I have no additional insight, but I thought Fannie Mae and Freddie Mac were originally and always public?
They were semi public. They were like the post office supposed to be self sufficient. They were essentially a loan guarantee depository. A small fee and they would guarantee the low income loans. Since few loans defaulted, Freddie Mac and Fannie May, depending on what program you were using, rarely had to pay out. Like the VA loans for Veterans.
What made them semi public, was that their CEO’s and senior managers were all political appointees. Appointed by whomever was in charge when the previous term ran out. Like the Chairman of the Federal Reserve, appointed for a term.
Now as long as most loans did not default, things were fine. But when a lot of loans defaulted, they had to make good. And they didn’t have anywhere near the money they needed.
The Treasury bailed them out, and made them completely public. They were to use the vernacular of the technique, Nationalized.
Now in the interest of honesty, Bush (43) did warn that there were a lot of bad loans being written, and guaranteed by Fannie Mae and Freddie Mac. But Congress refused to act. Truthfully, by the time the warning was out, it was far too late anyway.
Let me give you an idea of how bad it was already. CDO’s were the Mortgage Bonds being bought and sold. Ok, no problem. But there were a finite number of Mortgages for the Collatoralized Debt Objects. So the banks like Morgan and Lehman came up with Synthetic CDO’s. These were CDO’s that were made up essentially as bets on the other CDO’s. Let me link to a bit of the movie The Big Short.
It is a nightmare, and that explanation is as good as any. But the important thing to understand for the moment is every dollar of actual mortgage bond, had twenty dollars riding on it. Twenty bucks bet on that one dollar. And if the Mortgage Bond failed, too many of the mortgages went bust, then those bets had to be paid.

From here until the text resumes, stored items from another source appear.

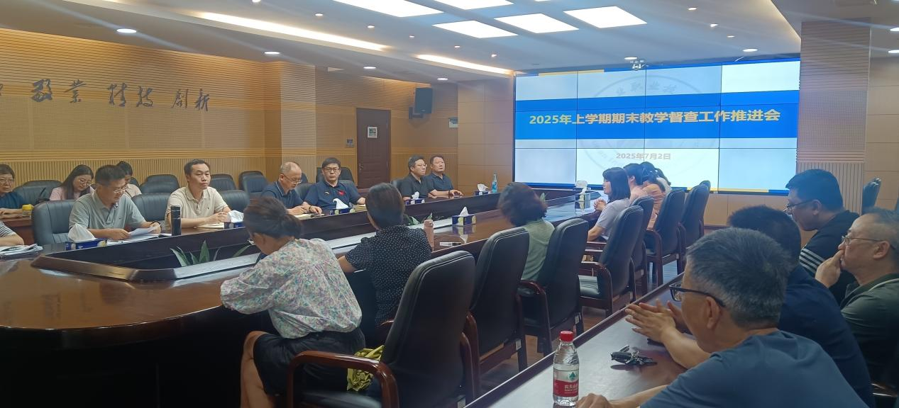 2025年7月2日下午,教务处组织期末教学督查工作推进会。会后,由李强副校长带队,教务处负责人及校督导团成员组成5个督查组,对全校10个教学单位开展了期末教学专项督查。
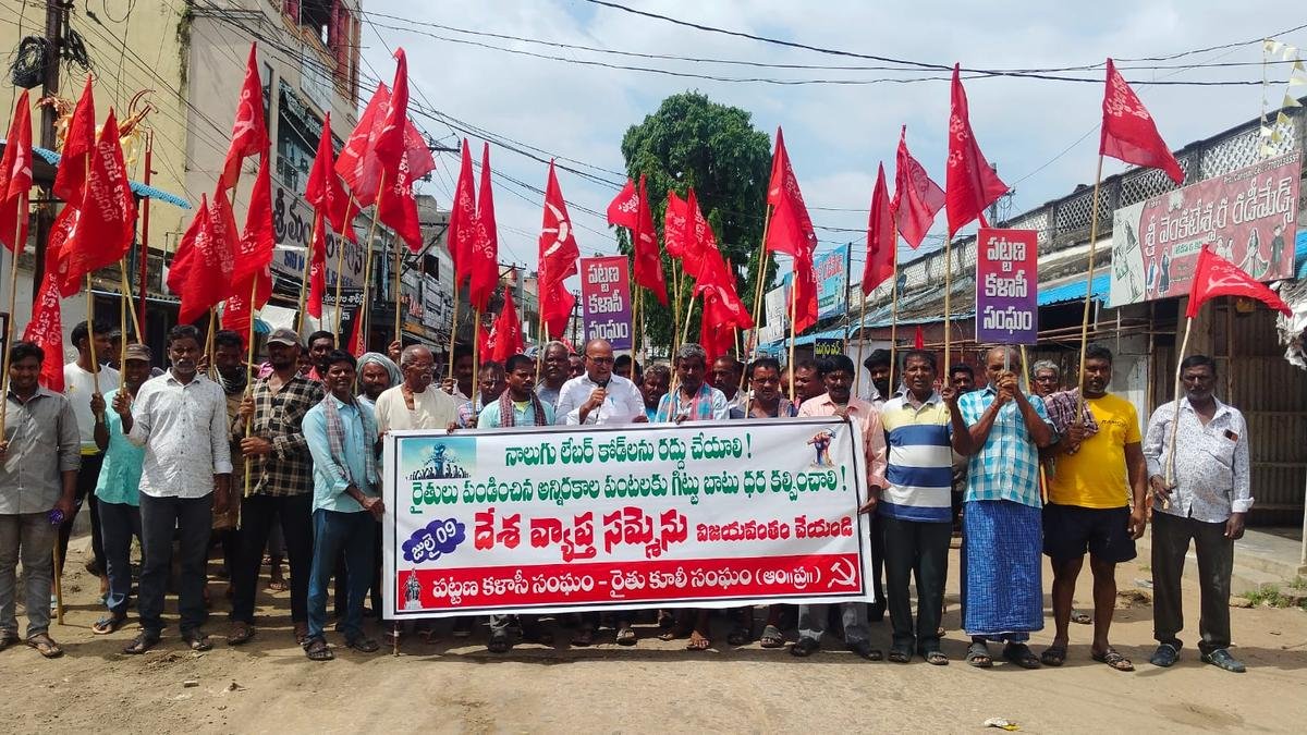 As part of the nationwide strike to oppose the Centre’s Labour Codes and government policies, a massive rally was held in Bobbili on Wednesday, led by various workers’ associations, highlighting the plight of workers of the Bobbili growth center, one of the oldest industrial park in the State
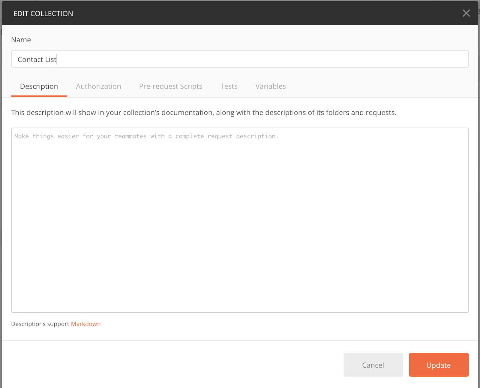 Notice that there are tabs for Authentication, Pre-request Scripts, Tests, and Variables. If I want to add a collection-level variable, I can simply click on the variables tab and enter in my variable name and value. We can do something similar to add an authorization token, a pre-request script, or a test.
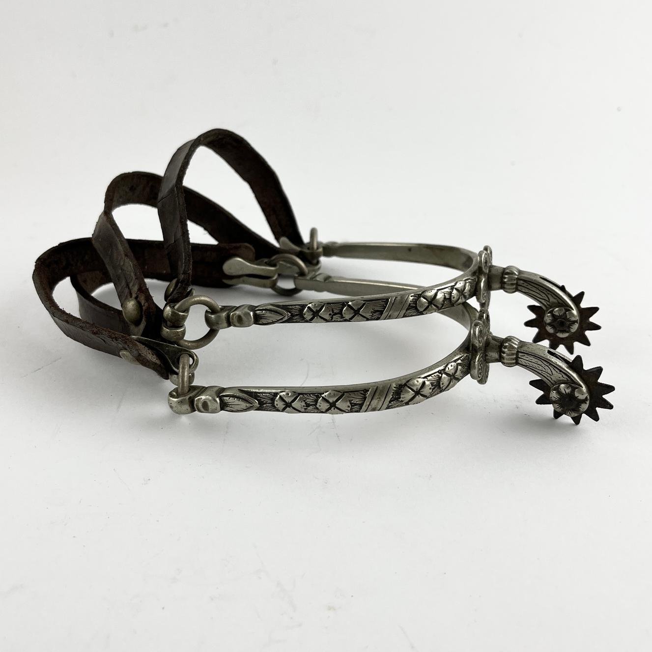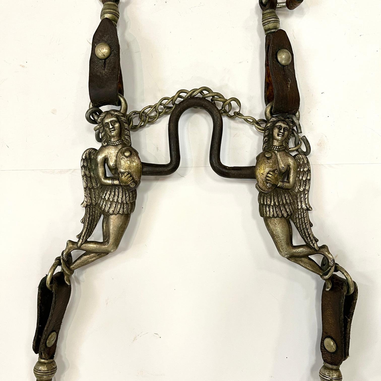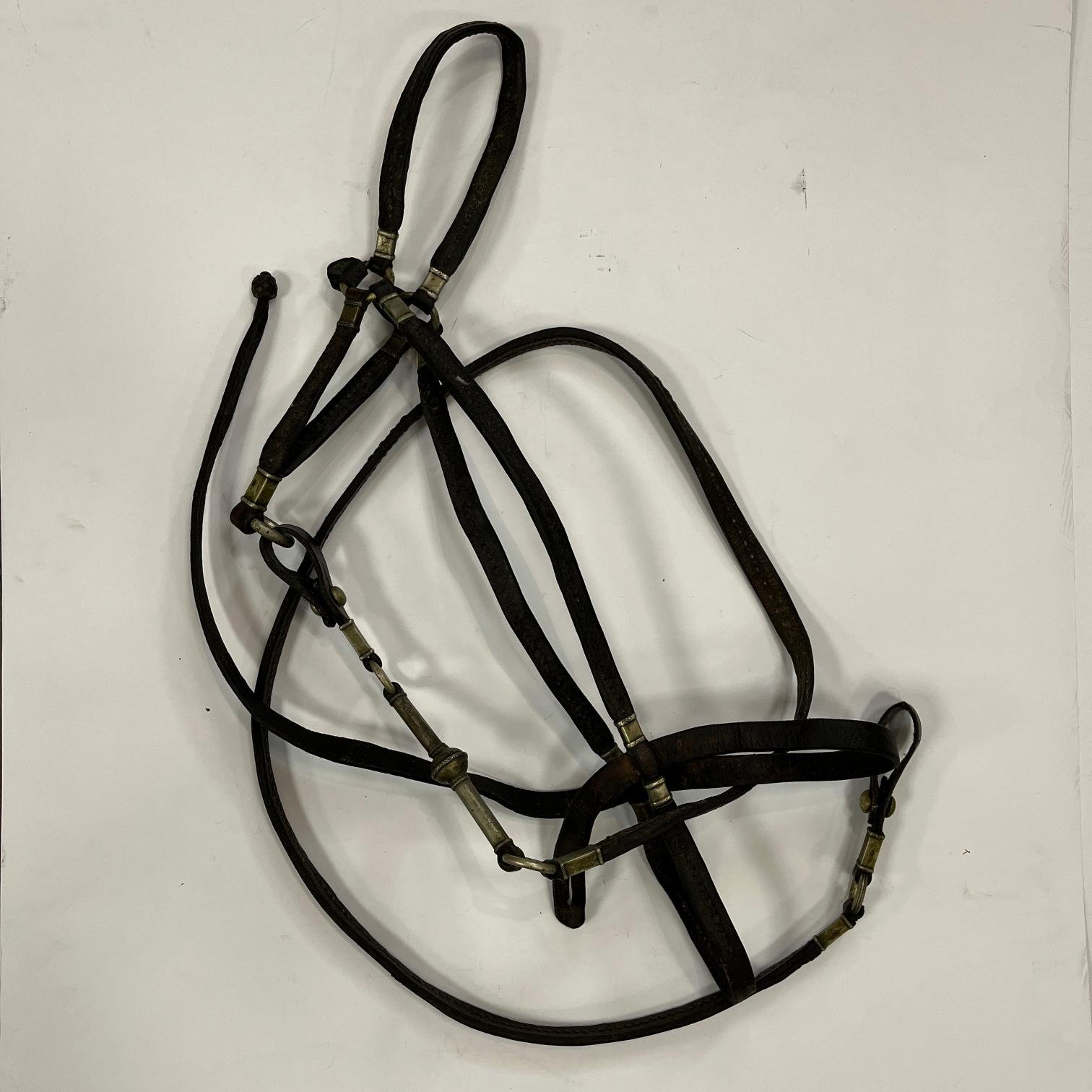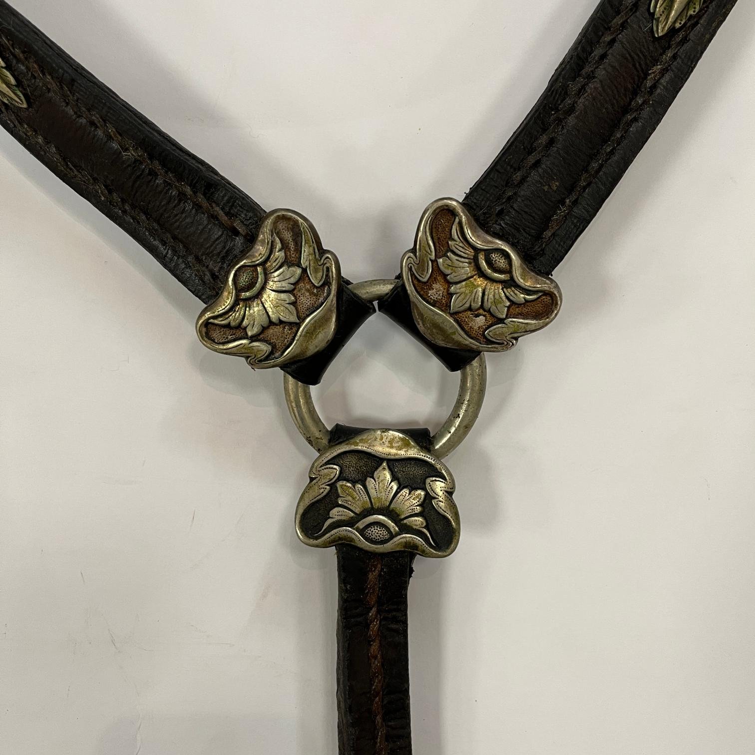 Recado completo compuesto por: sirigote en cuero marrón repujado «hojas y flores», con cabezadas en metal blanco decorado «aves y flores», selladas «Sol» de Broqua & Scholberg, Montevideo; par de estriberas en cuero crudo, con pasadores en metal decorado «flores» y estribos en metal decorado «escudo de armas uruguayo antiguo»; freno en hierro forjado, con patas en metal «Sol» de Broqua & Scholberg decorados «indias aladas», con cabezada de freno y riendas en cuero crudo con argollas, pasadores y bombas en metal «Sol»; bozal en cuero crudo, con pasadores chatos y argollas en metal; pechera en cuero crudo, con pasadores decorados «flores»; baticola en cuero crudo, con pasadores chatos y medallón central en metal decorado «flor»; par de espuelines en metal sellados «Sol» y decorados «flores», con rodajas en hierro; juego de tres boleadoras en marfil, con tientos en cuero crudo trenzado; jergón en lana marrón; carona en suela marrón repujada, correspondiente a la decoración del sirigote; carona forrada en piel de yaguareté; cincha en suela repujada, correspondiente a la decoración del sirigote, con encimera en cuero crudo y argollas en bronce; cojinillo en lana negra y lana blanca; sobrepuesto en piel de yaguareté forrado en terciopelo negro; sobrecincha en cuero marrón repujado, correspondiente la decoración del sirigote, con argollas en metal.

When those insurance policies and bets were called, companies faced ruin. They had loved the things when all was going well. But when things went bust, companies lost more money than they had in every single holding.
It is fascinating to see what happened, and as I said I’ve read books and watched documentaries trying to understand. What amazes me is that the banks are doing it again. Today. Oh they’re using different terms. But it is the same thing, profit today and ignore the dangers tomorrow. Because all we did was TARP and then hold our breath and cross our fingers. We didn’t create new regulations to make sure it didn’t happen again. We didn’t create new oversight to stop banks from doing it, we just stood back and prayed that we made it through the recession. When we made it through nobody wanted to take the time to actually explain to the public what had happened. It sounded too much like fraud. It might have not been legally fraud, but morally, it certainly was.
Paulson panicked after Lehman failed. He had not realized how interconnected the banks were. Lehman bought insurance from AIG to cover the chance that they might lose. AIG bought similar policies from Bear, Morgan, and the rest. All of these policies were rated as AAA secure. It could never happen, the guys in charge were way too smart to let something like Lehman fail. Impossible.
When it happened, the stock holdings of Lehman were now worthless. And the stocks others had in Lehman were worthless. So Meryl had to admit they had lost billions in one night as Lehman went belly up. That loss made them look weak, and now they’re in trouble. All the bank stocks went south, and the companies holding those stocks went down too. It was a series of dominos. One led to the next, and you couldn’t stop it.
Pumping money was the only thing Paulson could think of, and he pumped. He pumped like there was no tomorrow. Creating money out of thin air. He pumped and pumped and pumped. Congress needs more money? No problem. Snap the fingers and tap on a keyboard, and another half a trillion is in the internet waiting to be sent out.
I honestly was worried when he started doing that. Because in history nobody had ever pulled off the hardest part of printing money. The reduction of supply to stop the inevitable inflation. That’s what hit Germany in the 1930’s depression. They printed so much money that reporters took notes on hundred mark bills because it was cheaper than buying paper.
But the way Paulson did it, well that was different. The money was just ones and zeroes in the internet. He could add or subtract money with the tap of a few keys on a keyboard. Want to get some out, have the Fed sell back some of the bonds. The money is then removed from the internet supply and bam, the economy keeps going. I didn’t think he could do it. I’m still not sure how the hell they managed it. But they did, I’ll admit that.
The next one is going to be worse, because this time people will revolt and drag the fat cats out of their beds and hang them on their manicured front lawns.